Troubleshooting network performance issues
Lately, I've come across with network performance issues in some data centers, which is usually a head breaker for networking engineers because when you see the bandwidth is enough but the throughput reached isn't what you expected, something is wrong. This is the time when solid networking knowledge is needed for the troubleshooting process and concepts like checksum, Frame Check Sequence (FCS) or overruns are required to analyse network performance issues and fix them.
Obviously, we can also have performance issues due to the fact that applications and services aren't configured properly or they've had a poor development process but I would like to highlight in this post what we can check with regard to networking.
We should look at networking interfaces and looking for the next attributes:
- Errors: This is the first thing we should look for because it counts when there are CRC errors, or we have frames too-short or too-long (CRC, checksum mismatch).
- Dropped: It counts when interfaces receive unintended VLAN tags or are receiving IPv6 frames when it isn't configured for IPv6.
- Overruns: This is another important attribute to look for because it counts when buffer FIFO gets full and the kernel isn't able to empty it. For example, if the network interface has a buffer of X bytes and it is filled and was exceeded before the buffer could be emptied, then we have overruns.

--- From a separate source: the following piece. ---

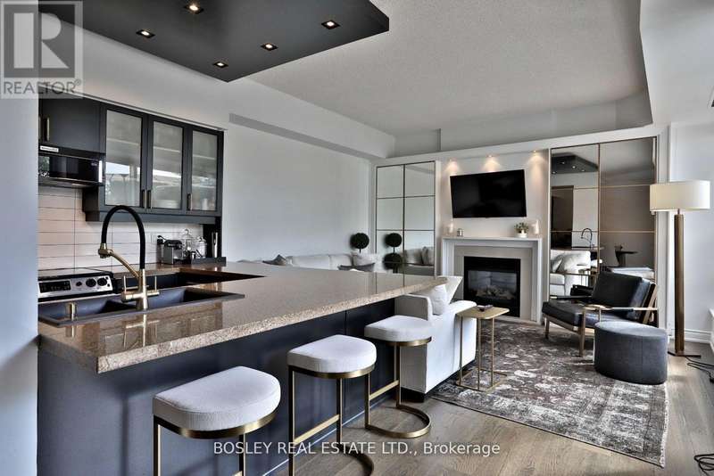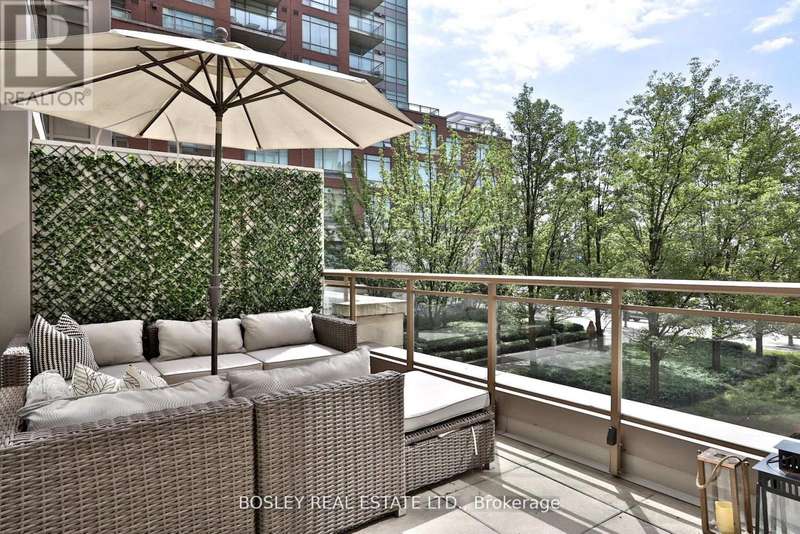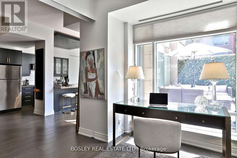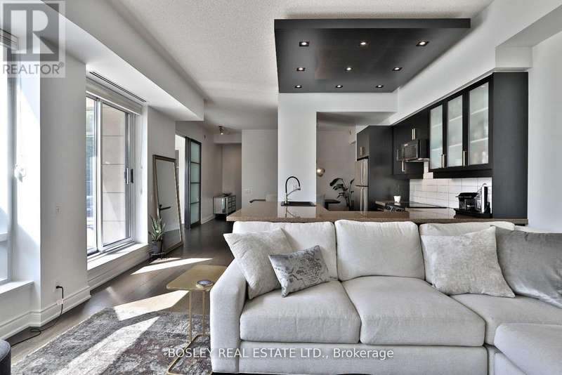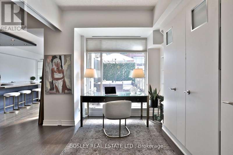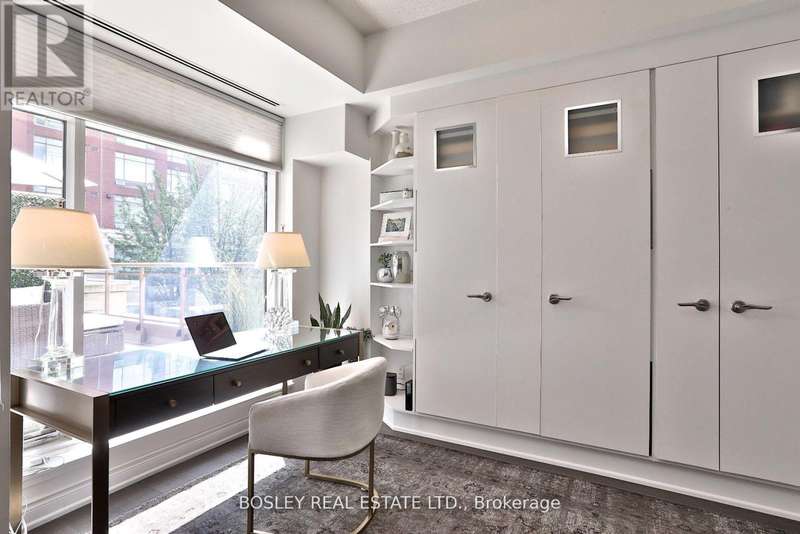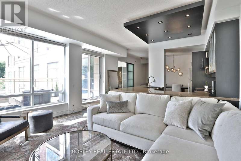 Sophisticated living at 500 Queens Quay. Situated just steps from the Lake and overlooking the Music Garden, Suite 208W is a generously-sized unit offering the best of city living, with easy access to transit, financial district, and the island airport. This well-appointed home features 10 foot ceilings and hardwood floors throughout. Open concept living space offers a great floor plan. The kitchen is a cook's delight with stone counters, breakfast bar, and walk-out to expansive 170 sq foot south facing terrace for warm weather entertaining. Spacious living room has a gas fireplace for cozy winter nights, built-in storage, and floor to ceiling windows overlooking the lake and large terrace. Large dining area with plenty of space for a dinner party. Custom California Closets organization throughout - tons of storage! Principal bedroom features built-ins, walk-in closet, and 4 piece ensuite. 2nd bedroom or den has Murphy bed for dual use. A great opportunity for the stylish urbanite!

- Frame: It counts only when there are misaligned frames, it means frames with a length not divisible by 8. Therefore, that length isn't a valid frame and it is discarded. For instance, packets are going to fail if they are not ended on a byte boundary.
- Carrier: When we have loss of link pulse, it counts. Sometimes is recreated by removing and installing the Ethernet cable. Therefore, if this counter is high, the link is flapping (up and down), the Ethernet chip is having issues or the device at the other end of the cable is having issues.
- Collisions: This is another typical issue when we can't reach a good performance. Collisions may count when an interface is running as half duplex and the other end is running as full duplex. Therefore, the half duplex interface is detecting TX and RX packets at the same time and the half duplex device will terminate transmission. As a result, there are collisions, mismatch duplex, and we get very bad throughput. It is important to remember that switched environments always operate as full duplex and collision detection is disabled by default.
Next, we can see a mismatch duplex laboratory where Fa 0/1 of ASW1 is working as full duplex and it has FCS-Errors, which means “Frames with valid size with Frame Check Sequence (FCS) errors but no framing errors”. Consequently, throughput between PC1 and SRV1 is too bad.
And we can also see that Fa 0/1 of CSW1 is working as half duplex and it has Late-Collision, which means “Number of times that a collision is detected on a particular port late in the transmission process”. This is a big clue to realise that we have a duplex mismatch which should be fixed to have a good networking performance.
This post is being too long, I'm sorry, but I would like to leave some Linux commands as well like ethtool -S eth0 , netstat -s , netstat -i for troubleshooting network performance:
Regards my friends and remember, sometimes we have to go down to the physical layer to fix networking performance issues.